"I would fall in love with you," he told me, "You would be the one I dream of if I didn't have that perfect blond teenage girl to fall into bed with."
He said this whilst he was concentrating on the canvas. I had constructed a kind of easel for him made out of furniture, an old wooden chair frame and a second chair wired in place to rest the canvass against. Bored old chair, legs in the air like a seasoned prostitute. His canvass was large and dark and there was an angry angular figure glaring out at me in shades of grey.
I was painting a hunched figure, white headed, sad-eyed. I was cheering the whole thing up with flowers, sweat peas, bright red against a white fence. My hands were coated in acrylics and a sticky layer of Estapol. I had a headache. I was allergic to Estapol or perhaps it was the reek of turps in a tub beside my mat board.
"I am Jesus." he told me suddenly, pulling up from a screeching flurry of black lines.
"I don't believe in you then."
"No, it is true. Hard to believe. But true." He explained it all to me as I added little green leaves to the sweet peas. I sat back on my heels and rubbed paint into my neck and wondered if my headaches came from the way I leaned over the work, inhaling the fumes, ingesting them through my pores, craning my neck down and across the painting.
I rolled a smoke and lit it and my brown fingerprints crackled when they touched the flame. The tally-ho sparked up and I sucked in tobacco and paint and a host of other toxins. My headache eased a little with each inhalation.
"Do you believe that I am Jesus?"
I nodded. It made sense, the way he looked at it. "Yes," I told him. "You are Jesus."
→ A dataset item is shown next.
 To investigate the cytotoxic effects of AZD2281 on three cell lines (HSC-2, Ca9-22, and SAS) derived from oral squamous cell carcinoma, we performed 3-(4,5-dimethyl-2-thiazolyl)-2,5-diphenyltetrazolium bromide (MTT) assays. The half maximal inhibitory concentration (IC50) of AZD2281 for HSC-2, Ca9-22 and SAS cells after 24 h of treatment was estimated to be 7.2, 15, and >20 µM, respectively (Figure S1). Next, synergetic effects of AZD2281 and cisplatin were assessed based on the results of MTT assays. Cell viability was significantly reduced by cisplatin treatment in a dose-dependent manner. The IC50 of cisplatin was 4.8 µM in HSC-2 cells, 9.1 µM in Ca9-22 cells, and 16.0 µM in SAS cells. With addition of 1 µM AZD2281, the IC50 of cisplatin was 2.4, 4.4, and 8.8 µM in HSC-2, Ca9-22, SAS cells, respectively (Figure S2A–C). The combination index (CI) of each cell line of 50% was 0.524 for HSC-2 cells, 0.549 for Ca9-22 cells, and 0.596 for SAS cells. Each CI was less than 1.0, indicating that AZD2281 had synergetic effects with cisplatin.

I lay down on my mattress and watched while he filled all the grey spaces up with black, a black canvass. The figure was completely obliterated, but I knew that he had been there at some stage, perfect, peering. Now he was just a few stray lines under all that sharp-edged fury. He lay down on the bed and wrapped his charcoal hands around me and I would have rocked back onto the hard shape of his penis if I didn't have a fierce burn on for someone else.
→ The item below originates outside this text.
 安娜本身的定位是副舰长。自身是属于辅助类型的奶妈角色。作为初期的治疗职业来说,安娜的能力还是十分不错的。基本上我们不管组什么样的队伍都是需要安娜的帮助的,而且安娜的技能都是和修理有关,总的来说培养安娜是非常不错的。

"You know I'd go for you," he sighed into my hair, my mad friend, my midnight painter friend, "I'd really have you right now, if it wasn't for that perfect blond angel."
"You're mad." I told him, "You know there's no such thing as Jesus."
He groaned and rubbed himself against me for a moment before rolling onto his back and lighting a rollie for me and then one for himself.
"Why do I have that Angel? Why can't we just go for it?"
"Because you're mad as fuck and we both love someone else."
He looked at my painting, the one with the sexless hunchback and the floral fence.
"That's a picture of you."
It was of course, a picture of me.
"You feel like you are outside of everything and everyone else is part of a club that you're not invited to."
This was a month before he stabbed himself in the chest sixteen times. Before his casual heroin use overtook his painting and his carving and his whole flat and his life. Before his blond angel stole all my Kate Bush CDs. Before he killed his best friend's pet rat. I put my hand on his chest and felt his heart and it would have been so easy to slip my fingers into his jeans and find some comfort there, but I was not his blond angel, and he was not the other crazy man that I thought I was in love with and tomorrow we would be painting again, together and we would fall asleep holding hands and bemoaning the fact that we couldn't bring ourselves to make love to each other.
"You are a better person than my blond angel," he said, "you are not as mean, not as pretty, but infinitely more beautiful on the inside."
I thanked him for his honesty, his almost compliment.
"And you're not alone on that side of the fence." We rolled back into our contained desire for each other, settled instead for body heat and the scent of nicotine on each other's fingers.